* Problem to solve
Write the records out again exactly, leaving no images in.

* Records drawn from a dataset
──────────

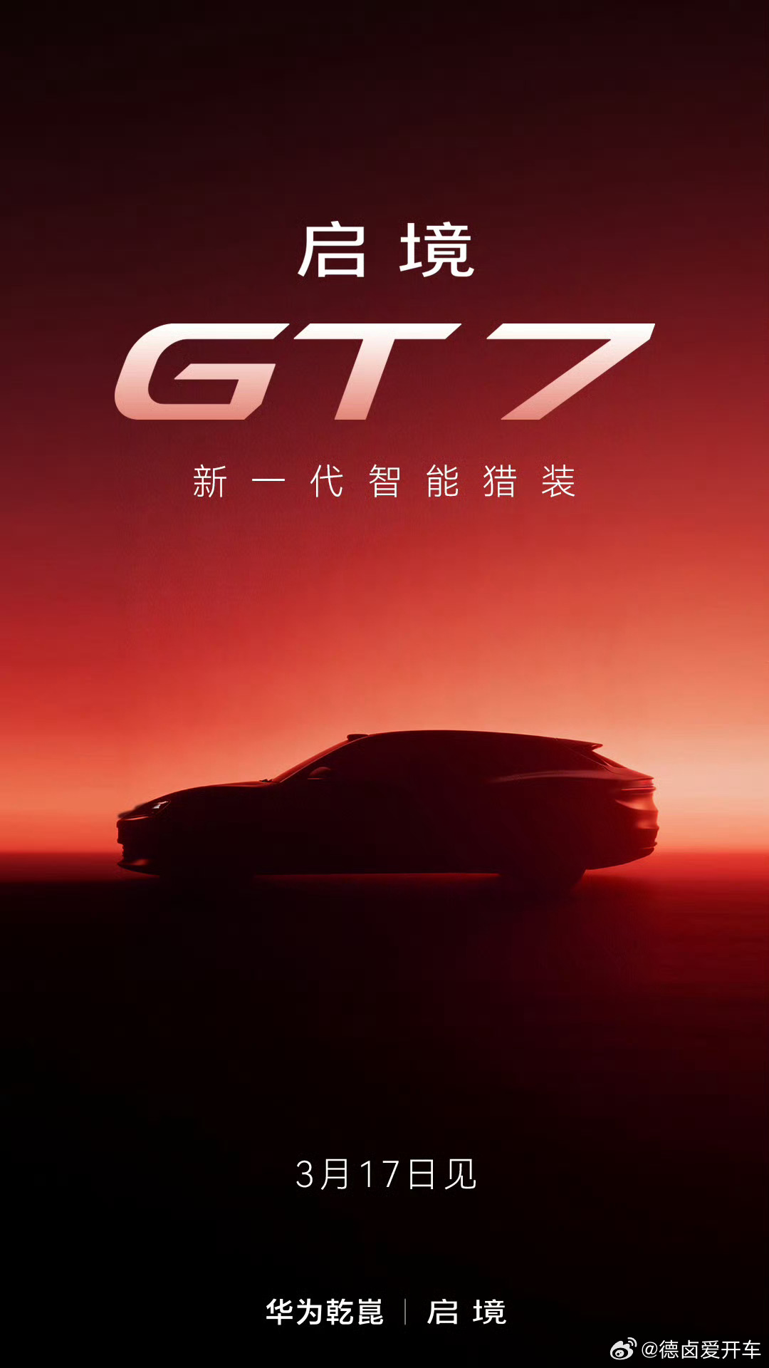 将于3月17日亮相/搭896线激光雷达!启境汽车旗下首款车型定名为GT7启境GT
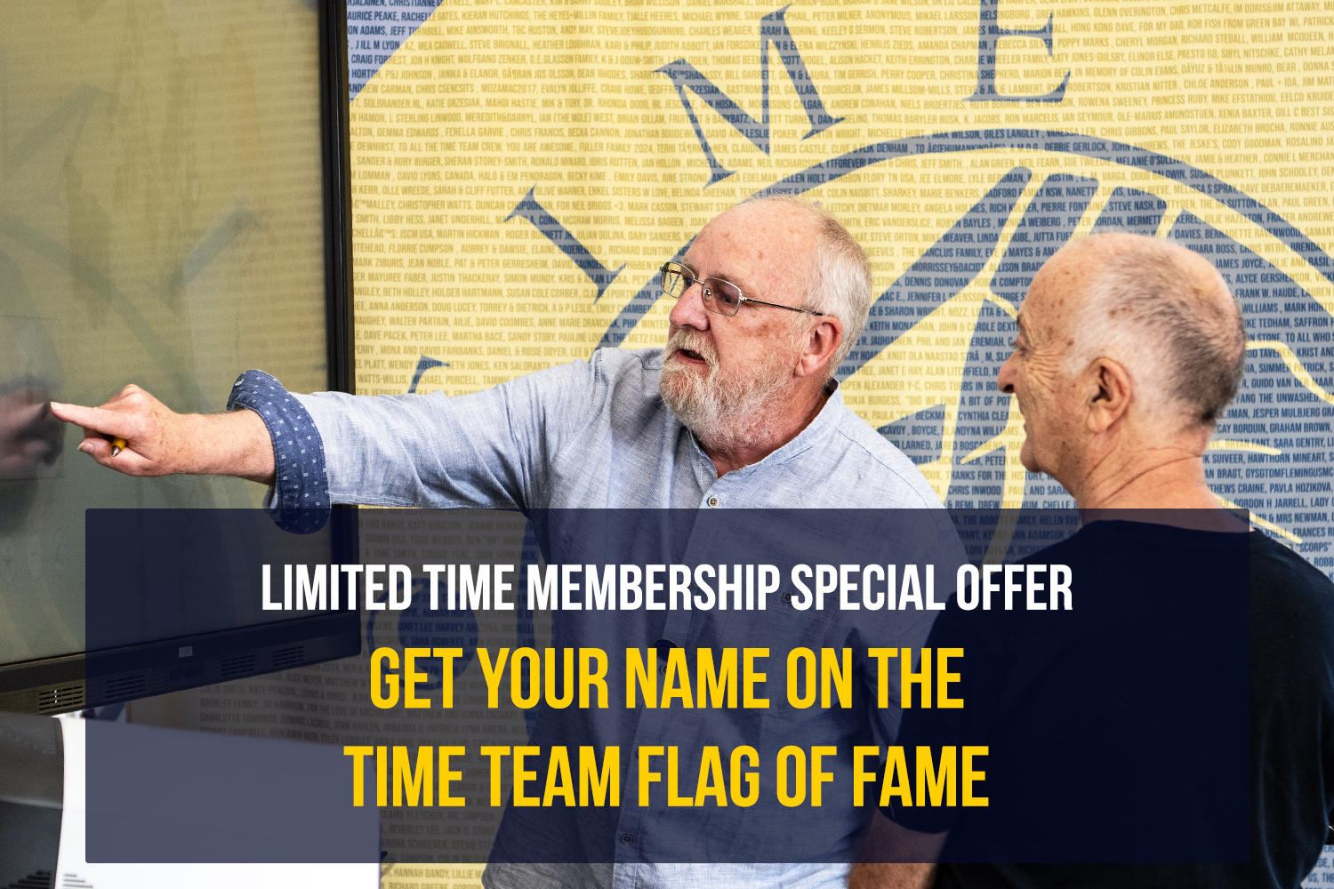 Continuing the popularity of the Time Team 'Flag of Fame' in previous years, we are offering the exclusive opportunity for ALL our members* to get their name on the next Flag for 2025!
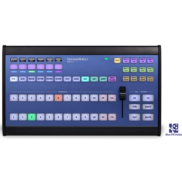 La SKAARHOJ Air Fly (ATEM) avec Blue Pill est une surface de contrôle qui vous offre un accès facilité aux fonctionnalités de votre système ATEM. Elle exécute le système d’exploitation open source UniSketch développé par SKAARHOJ, qui est programmable par l’utilisateur pour s’adapter à des flux de travail spécifiques. La technologie PoE simplifie la configuration en permettant aux signaux et à l’alimentation de circuler via un seul câble.
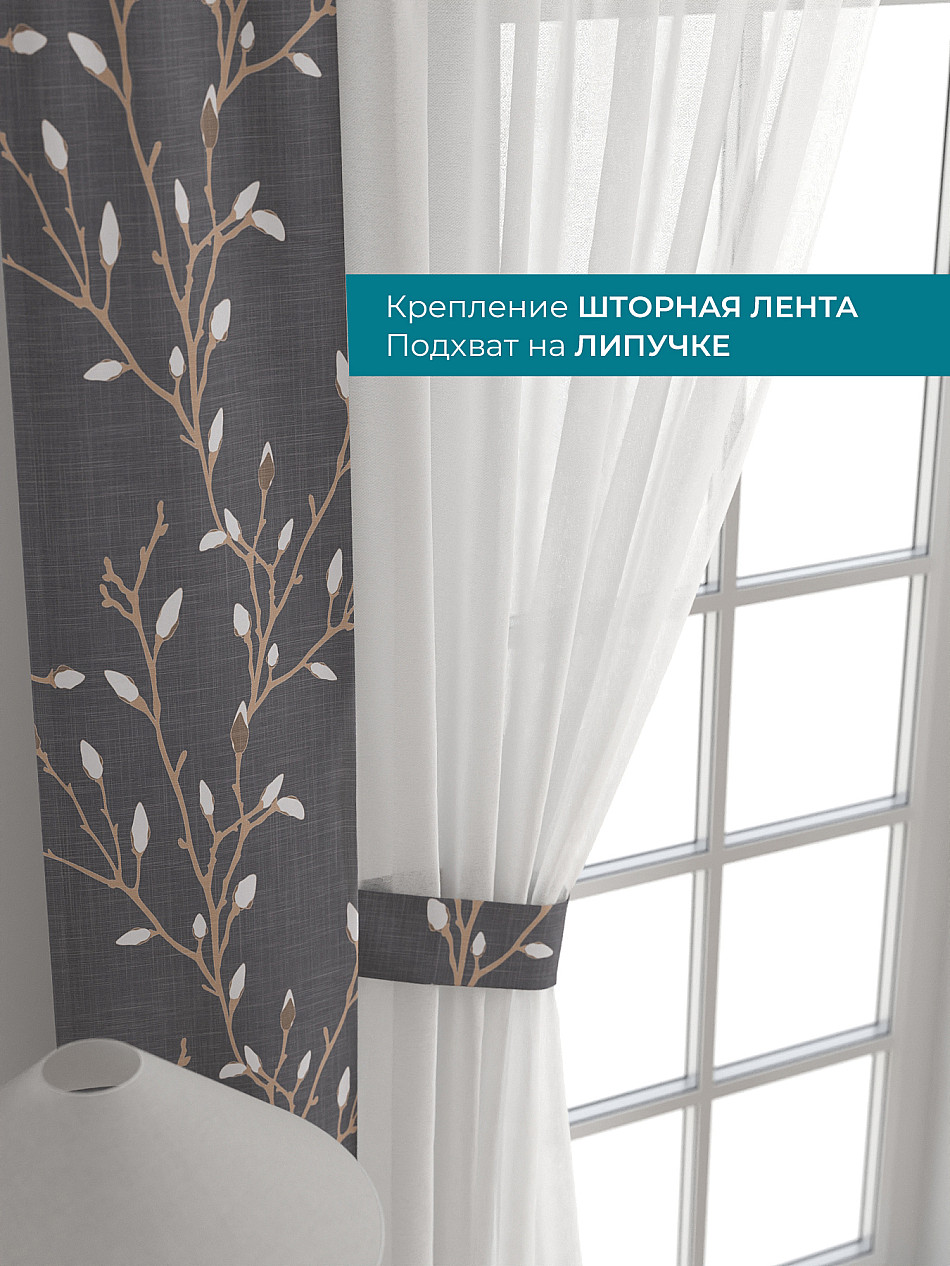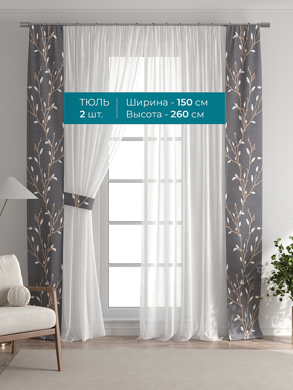 Декоративные подхваты 38х260 см — 2 шт.; Тюль 150х260 см — 2 шт. ( Изменить высоту) Крепление: шторная лента (крючки), кулиска Подробнее
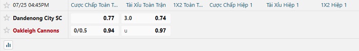 Tip kèo Châu Á full trận Dandenong City vs Oakleigh Cannons
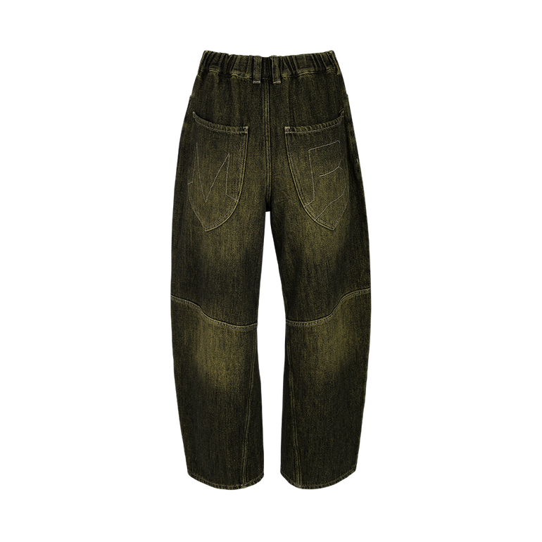 Cropped denim pants with partial elasticated waistband and oversized back pockets.

──────────

* Answer to the exercise
 将于3月17日亮相/搭896线激光雷达!启境汽车旗下首款车型定名为GT7启境GT
 Continuing the popularity of the Time Team 'Flag of Fame' in previous years, we are offering the exclusive opportunity for ALL our members* to get their name on the next Flag for 2025!
 La SKAARHOJ Air Fly (ATEM) avec Blue Pill est une surface de contrôle qui vous offre un accès facilité aux fonctionnalités de votre système ATEM. Elle exécute le système d’exploitation open source UniSketch développé par SKAARHOJ, qui est programmable par l’utilisateur pour s’adapter à des flux de travail spécifiques. La technologie PoE simplifie la configuration en permettant aux signaux et à l’alimentation de circuler via un seul câble.
 Декоративные подхваты 38х260 см — 2 шт.; Тюль 150х260 см — 2 шт. ( Изменить высоту) Крепление: шторная лента (крючки), кулиска Подробнее
 Tip kèo Châu Á full trận Dandenong City vs Oakleigh Cannons
 Cropped denim pants with partial elasticated waistband and oversized back pockets.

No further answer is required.